Sometimes mild symptoms are ignored and stage I is undetectable. If left untreated, the disease progresses to stage II.
In the second to moderate stage, the subjective symptoms worsen and new ones are added. The patient has trouble sleeping, sleeps during the day, cannot sleep at night or wakes up quickly and has many dreams. The headache is constant and simple analgesics do not help. Dizziness intensifies and backwardness begins to be felt. Attention and memory impairments increase. Along with mental fatigue, there is also physical fatigue.
IT IS DIFFICULT TO CONCENTRATE
The neurological and neuropsychological symptoms worsen as the blood flow to the brain becomes chronic. In the second stage, the number of visits to the doctor increases. Thinking disorders are more common in patients.
Cognitive impairments, such as inability to concentrate, memory loss, and impaired thinking, negatively affect a patient's professionalism. It can even lead to depression.
In the third-severe stage, the main complaints of the patient are diffuse headache, memory loss, insomnia, tinnitus, dizziness, and dizziness while walking.
Those who engage in mental labor are not able to perform their duties to the required level. Most patients are also unable to cope with daily family chores. Physical and mental fatigue increases.

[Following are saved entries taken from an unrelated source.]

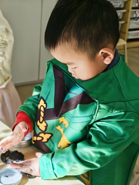 今天我们通过游戏化方式学习了15以内数字的相邻数与多一关系。孩子们首先将数字摆成长龙,直观地看到每个数字都有两个邻居;通过摆放雪花片,他们发现一个邻居比原数多1,另一个少1。在数轴跳跃游戏中,孩子们通过向大数字方向走一步来寻找多一的邻居(如从6走到7),在身体运动中强化理解。最后,孩子们用雪花片进行动手操作:先在左侧框内摆出相应数量,再在右侧摆出“多一”的数量。通过亲手摆放和专注点数,抽象的多一概念化作了手指可触的体验。整节课融合了数轴探索、实物操作与身体运动,让孩子在多感官体验中自然认识多一的概念,同时锻炼了点数和数量对应的能力,为后续数学学习奠定了生动的基础。
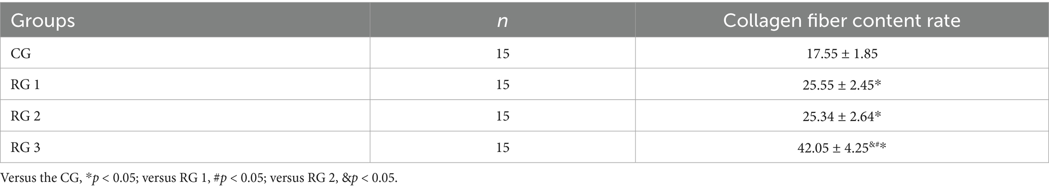 Hydroxyproline is a non-essential amino acid and a major, relatively constant component of collagen fibers and proteins. When collagen metabolism changes, the hydroxyproline content also changes accordingly (23). Therefore, the hydroxyproline content in skin tissue can indirectly reflect the condition of trauma healing. The results of this study indicated that on day 14 of treatment, tissue hydroxyproline contents in all research groups were elevated compared to those in the CG (p < 0.05). The tissue hydroxyproline content in RG 3 was elevated compared to that in RG 1 and RG 2 (p < 0.05; Figure 3; Table 4). Under collagen sponge intervention, the hydroxyproline content in the rat skin tissue presented a remarkable increase, indicating that the combination of collagen sponge and SP can facilitate the production and secretion of hydroxyproline in the skin, thereby elevating the synthesis and precipitation of collagen, which is beneficial for tissue regeneration and recovery.
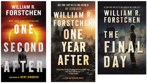 2. EMP: Congressman Franks is one of the world’s top experts on Electromagnetic Pulse. Trent covered this topic, not to scare you, but so we could understand it. I could not comprehend how it was possible that if we lost electrical power, 90% of Americans would be dead within one year, until I read William Forstchen’s book One Second After (pictured above). Forstchen has since written two more books in his EMP trilogy.
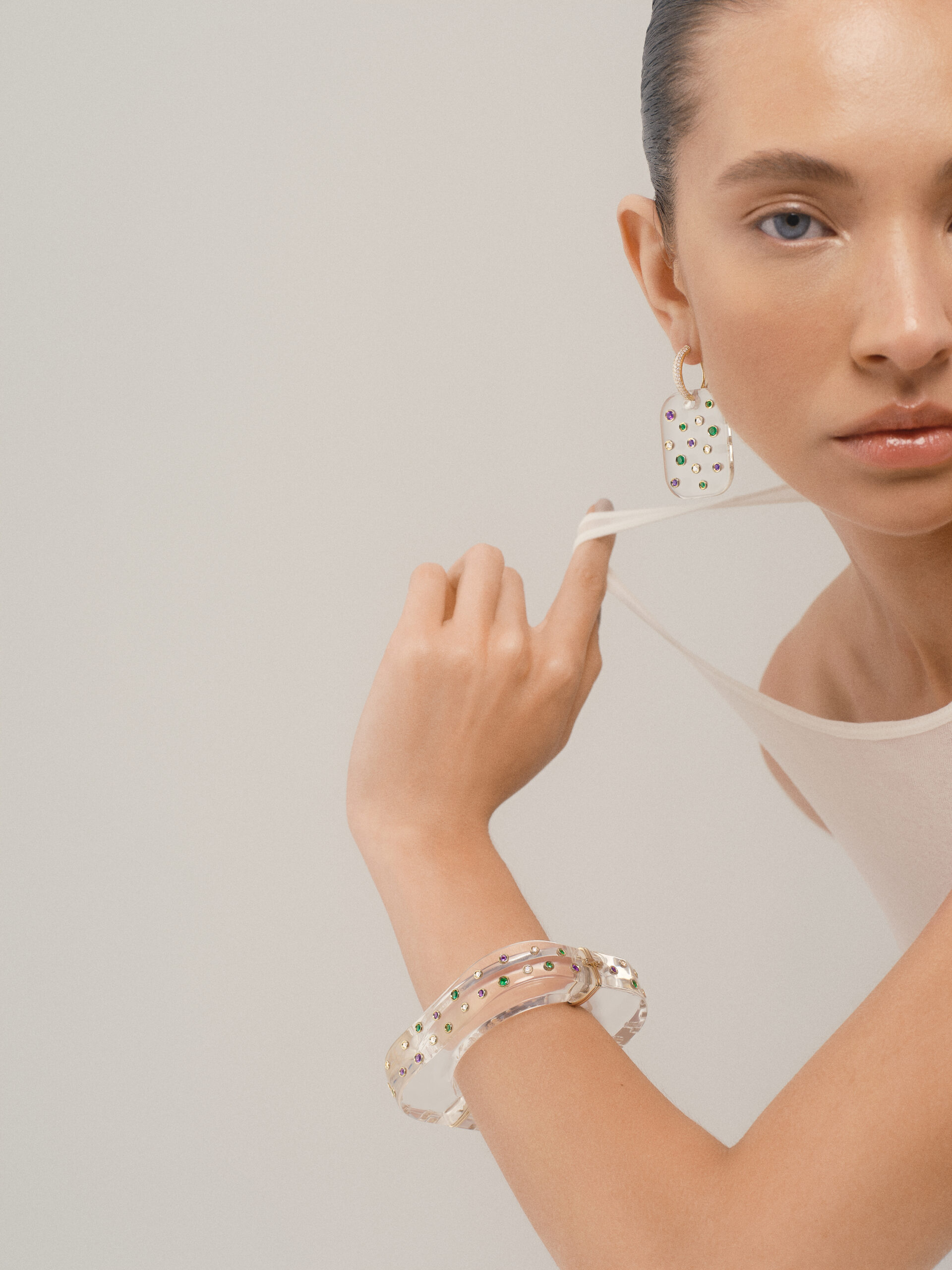 “ICE” EARRINGS – acrylic plate and 18k yellow gold hoops with pavé white diamonds, amethysts, and emeralds. Convertible design: 3 in 1.
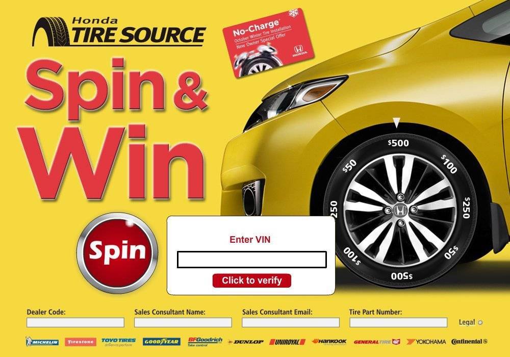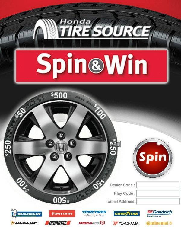 There are so many auto dealer promotions in this virtual prize wheel, I’m not even sure where to start. Take the image below. This one was done as an incentive to sales people. Every time they sold or leased a car, they logged into the special website and entered the VIN number for a chance at up to a 500.00 bonus. The virtual prize wheel allows you to control the odds and prizes for your automotive promotion.
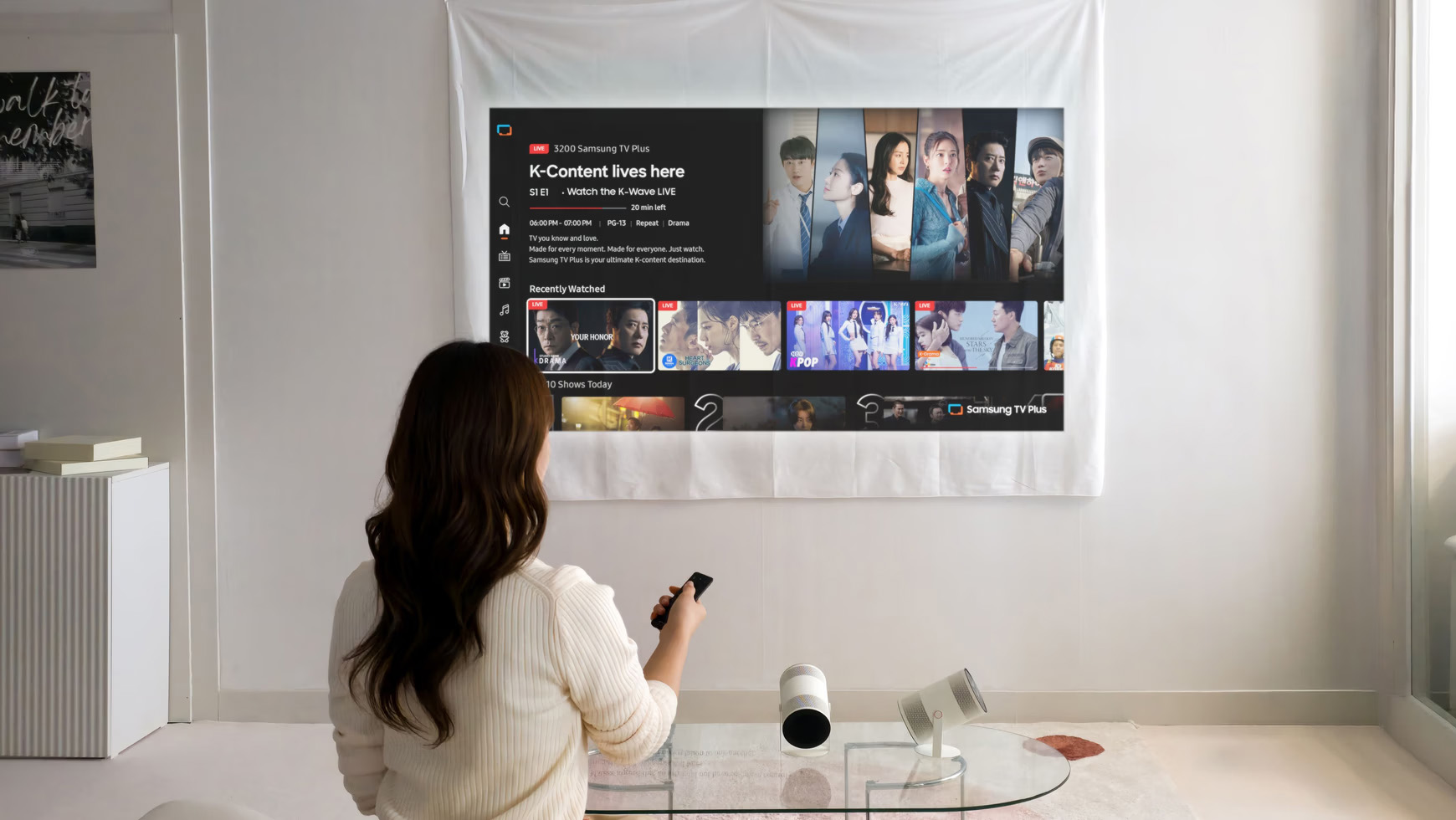 Przenośny projektor Freestyle+ to produkt, który mógłby być mało istotnym uzupełniaczem oferty. A jednak Samsung wykonał konkretną, mierzalną robotę: Freestyle+ ma 430 ISO lumenów, co oznacza prawie dwukrotny wzrost jasności wobec poprzedniej generacji mierzącej 230 lumenów. AI OptiScreen automatycznie koryguje trapez obrazu (3D Auto Keystone) choćby przy projekcji na nierówne lub zakrzywione powierzchnie, w czasie rzeczywistym. Brzmi jak techniczne bajki – ale demonstracje pokazywały projektor wymierzony w zasłony czy narożnik ściany, który błyskawicznie wyprostowuje obraz.
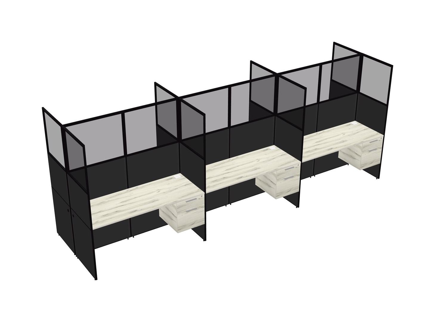 Heinne Holz Shared Rectangular Office Cubicle Panel System With Hanging Drawers For 6 Persons

The patient's range of thinking narrows, he becomes dull, capricious, small. Symptoms of amiostatic syndrome also appear in his movements.
EXTRAORDINARY SYNDROME
In chronic cerebral ischemia, several different syndromes are observed in the elderly.
Forehead syndrome is characterized by dementia and severe mental disorders. There is ataxia of the forehead, the patient is swaying, and there are cases of falling while walking.
Sometimes forehead syndrome is manifested by strong psychomotor movements, which make it difficult to control the patient. Sometimes, on the contrary, the patient's will fails. As the disease progresses, control over pelvic function also weakens.
In vascular dementia, cognitive disorders (disorders of perception, cognition, thought) predominate over neurological disorders, and the patient develops dementia. Gradually, the patient becomes indistinguishable from left and right, upper and lower. Due to visual agnosia and amnestic aphasia, he does not recognize his relatives and forgets their names. These disorders are also known as subcortical atherosclerotic encephalopathy, also known as Binswanger's disease.
Parkinsonism and pseudobulbar syndromes are unique. In Parkinson's syndrome, the patient develops urinary incontinence. Pseudobulbar syndrome is characterized by spontaneous crying and laughing, dysarthria, dysphagia, and dysphonia. These disorders are often accompanied by amyostatic syndrome and subcortical dementia.
Vertebrobasilar syndrome is associated with damage to the spinal arteries and basilar arteries and is characterized by symptoms of the spinal cord and brain. Symptoms such as constant dizziness, hearing loss, nystagmus ataxia, and intension tremor are observed.
Bulbar paralysis occurs if ischemia is observed in the lower part of the cerebellum.
When cases of chronic cerebral ischemia are observed, the patient should consult a neurologist and receive serious treatment. Multi-stage treatments and the care of loved ones alleviate the patient's condition.
Elbek MIRJOʼRAEV,
neurologist, doctor of medical sciences, professor.